The column on which the index is built (DIAGNOSIS in Example 2-12) must be the first parameter to the SEM_RELATED operator, in order for the index to be used. If it not the first parameter, the index is not used during the execution of the query.

Example 2-13 Creating a Semantic Index Specifying a Model and Rulebase

To improve the performance of certain semantic queries, you can cause statistical information to be generated for the semantic index by specifying one or more models and rulebases when you create the index. Example 2-13 creates an index that will also generate statistics information for the specified model and rulebase. The index can be used with other models and rulebases during query, but the statistical information will be used only if the model and rulebase specified during the creation of the index are the same model and rulebase specified in the query.

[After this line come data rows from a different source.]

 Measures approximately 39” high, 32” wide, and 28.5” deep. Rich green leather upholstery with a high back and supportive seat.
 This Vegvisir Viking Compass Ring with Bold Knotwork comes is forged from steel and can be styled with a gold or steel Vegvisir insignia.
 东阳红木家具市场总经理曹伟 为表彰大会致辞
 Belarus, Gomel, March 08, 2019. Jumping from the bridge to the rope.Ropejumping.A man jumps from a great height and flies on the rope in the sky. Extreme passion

CREATE INDEX diagnosis_sem_idx
  ON patients (diagnosis) 
  INDEXTYPE IS MDSYS.SEM_INDEXTYPE('ONTOLOGY_MODEL(medical_ontology), 
    RULEBASE(OWLPrime)');

Example 2-14 Query Benefitting from Generation of Statistical Information

The statistical information is useful for queries that return top-k results sorted by semantic distance. Example 2-14 shows such a query.

SELECT /*+ FIRST_ROWS */ diagnosis FROM patients 
  WHERE SEM_RELATED (diagnosis,
    '<http://www.w3.org/2000/01/rdf-schema#subClassOf>',
    '<http://www.example.org/medical_terms/Immune_System_Disorder>', 
    sem_models('medical_ontology'), sem_rulebases('owlprime'), 123) = 1
  ORDER BY SEM_DISTANCE(123);

2.3.4 Using SEM_RELATED and SEM_DISTANCE When the Indexed Column Is Not the First Parameter

If an index of type MDSYS.SEM_INDEXTYPE has been created on a table column that is the first parameter to the SEM_RELATED operator, the index will be used. For example, the following query retrieves all rows that have a value in the DIAGNOSIS column that is a subclass of (rdfs:subClassOf) Immune_System_Disorder.

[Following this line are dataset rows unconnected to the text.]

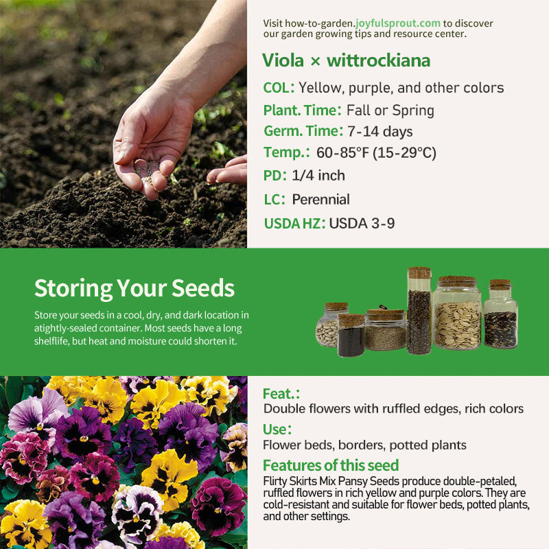 Flirty Skirts Mix Pansy Seeds are highly ornamental pansy seeds. Plants grown from sowing have double, ruffled flowers with rich, layered petals, resembling a flowing skirt. The vibrant color palette, encompassing a variety of hues, including yellow and purple, interweaves for a striking visual impact. The plants are cold-tolerant and thrive in cool climates. With a smooth sowing-to-flowering cycle, they create a romantic and sophisticated landscape for gardens, balconies, and other spaces. Whether creating a colorful block in a flower bed or adorning windowsills or desks, their unique flower shape and vibrant colors create a striking addition to any garden setting, adding natural beauty and vitality.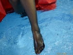 They both wearing nylon, but sadly they didn't take off their heels.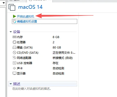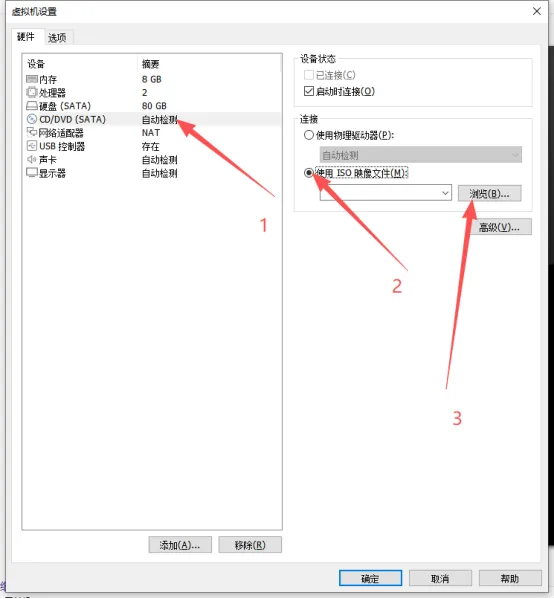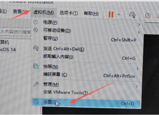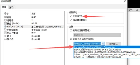 十六.点击虚拟机下拉菜单的”设置“,然后点击”CD/DVD (SATA)“镜像选择刚刚下载的darwin.iso,然后点击确定。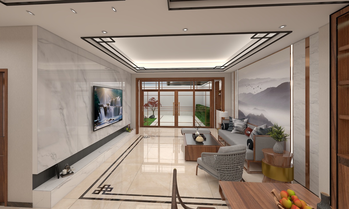 中式别墅装修典雅、沉稳、内敛,展现了中式风格的美感特质。红色的中式古典家具、米色吉祥图案的地毯及中式灯饰营造出中式文化特有的人文情怀。精致的配饰、巧妙的空间层次感烘托出含蓄的东方韵味。玄关过道设计,以中国山水画为背景,红木镶框、博古架、木刻雕花、造型独特的中式门设计营造出极富中国文化情调的生活空间。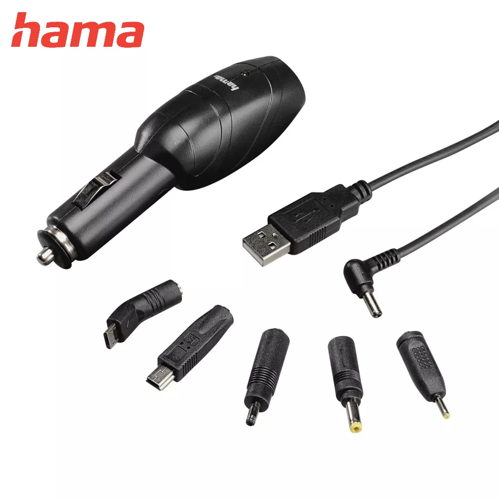HAMA car charger with USB output via (1.40 m) to DC 3.5 x 1.35 / 4.0 x 1.7 / 3.2 x0.9 / 2.35 x 0.75 and a mini USB Plug will ensure that you are always going in the right direction or you can listen to music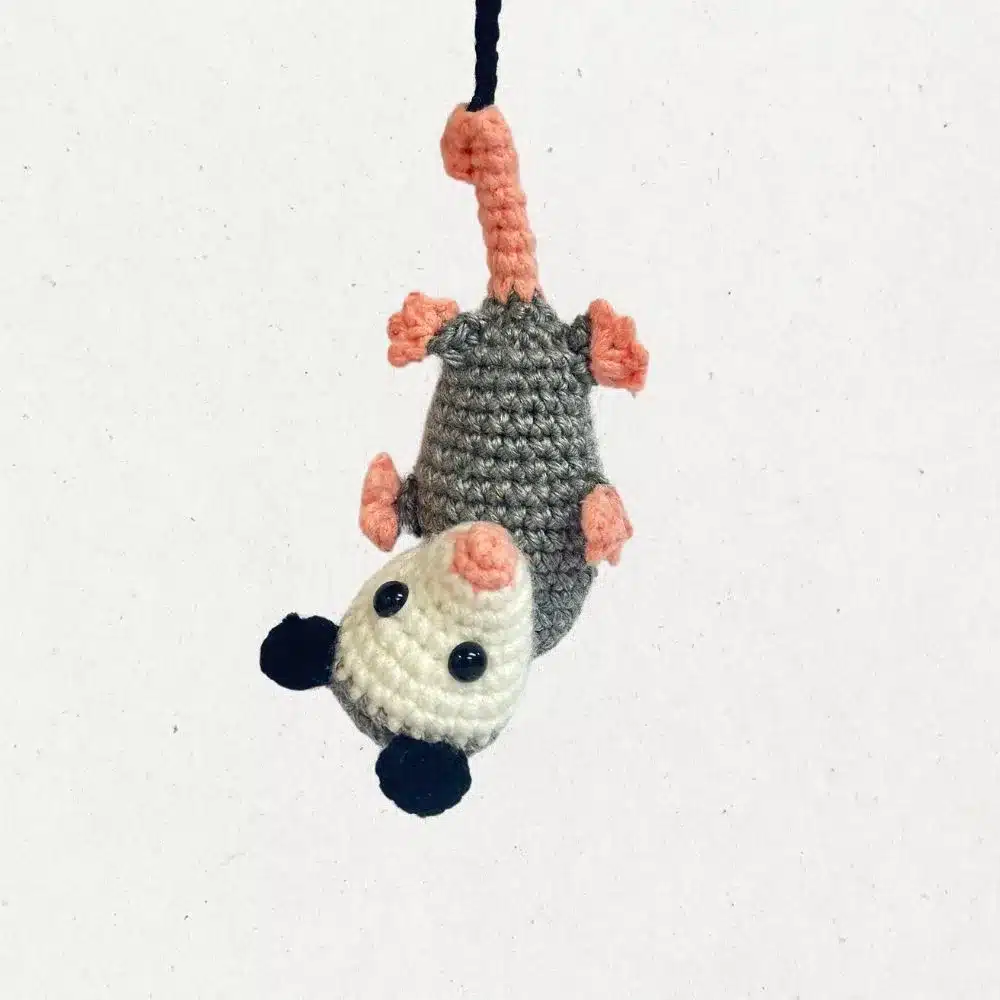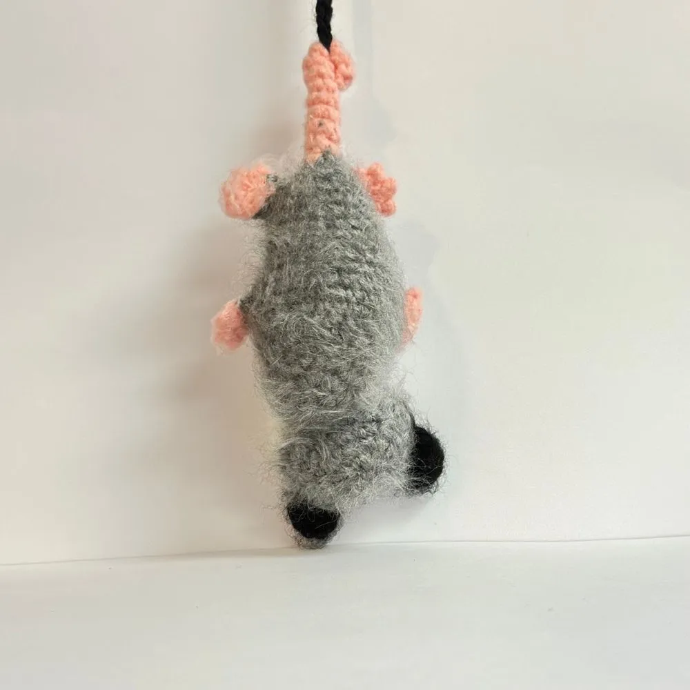 - An adorable, handmade amigurumi Waffles the Hanging Opossum.

SELECT diagnosis FROM patients 
  WHERE SEM_RELATED (diagnosis, 
    '<http://www.w3.org/2000/01/rdf-schema#subClassOf>',
    '<http://www.example.org/medical_terms/Immune_System_Disorder>', 
    sem_models('medical_ontology'), sem_rulebases('owlprime')) = 1;

Assume, however, that this query instead needs to retrieve all rows that have a value in the DIAGNOSIS column for which Immune_System_Disorder is a subclass. You could rewrite the query as follows:

SELECT diagnosis FROM patients 
  WHERE SEM_RELATED
    ('<http://www.example.org/medical_terms/Immune_System_Disorder>', 
    '<http://www.w3.org/2000/01/rdf-schema#subClassOf>', 
    diagnosis, 
    sem_models('medical_ontology'), sem_rulebases('owlprime')) = 1;

However, in this case a semantic index on the DIAGNOSIS column will not be used, because it is not the first parameter to the SEM_RELATED operator. To cause the index to be used, you can change the preceding query to use the inverseOf keyword, as follows:

SELECT diagnosis FROM patients 
  WHERE SEM_RELATED (diagnosis,
    'inverseOf(http://www.w3.org/2000/01/rdf-schema#subClassOf)',
    '<http://www.example.org/medical_terms/Immune_System_Disorder>', 
    sem_models('medical_ontology'), sem_rulebases('owlprime')) = 1;

This form causes the table column (on which the index is built) to be the first parameter to the SEM_RELATED operator, and it retrieves all rows that have a value in the DIAGNOSIS column for which Immune_System_Disorder is a subclass.

2.3.5 Using URIPREFIX When Values Are Not Stored as URIs

By default, the semantic operator support assumes that the values stored in the table are URIs. These URIs can be from different namespaces. However, if the values in the table do not have URIs, you can use the URIPREFIX keyword to specify a URI when you create the semantic index. In this case, the specified URI is prefixed to the value in the table and stored in the index structure. (One implication is that multiple URIs cannot be used).

Example 2-15 creates a semantic index that uses a URI prefix.

Example 2-15 Specifying a URI Prefix During Semantic Index Creation

CREATE INDEX diagnosis_sem_idx
  ON patients (diagnosis) 
  INDEXTYPE IS MDSYS.SEM_INDEXTYPE
  PARAMETERS('URIPREFIX(<http://www.example.org/medical/>)');

The slash (/) character at the end of the URI is important, because the URI is prefixed to the table value (in the index structure) without any parsing.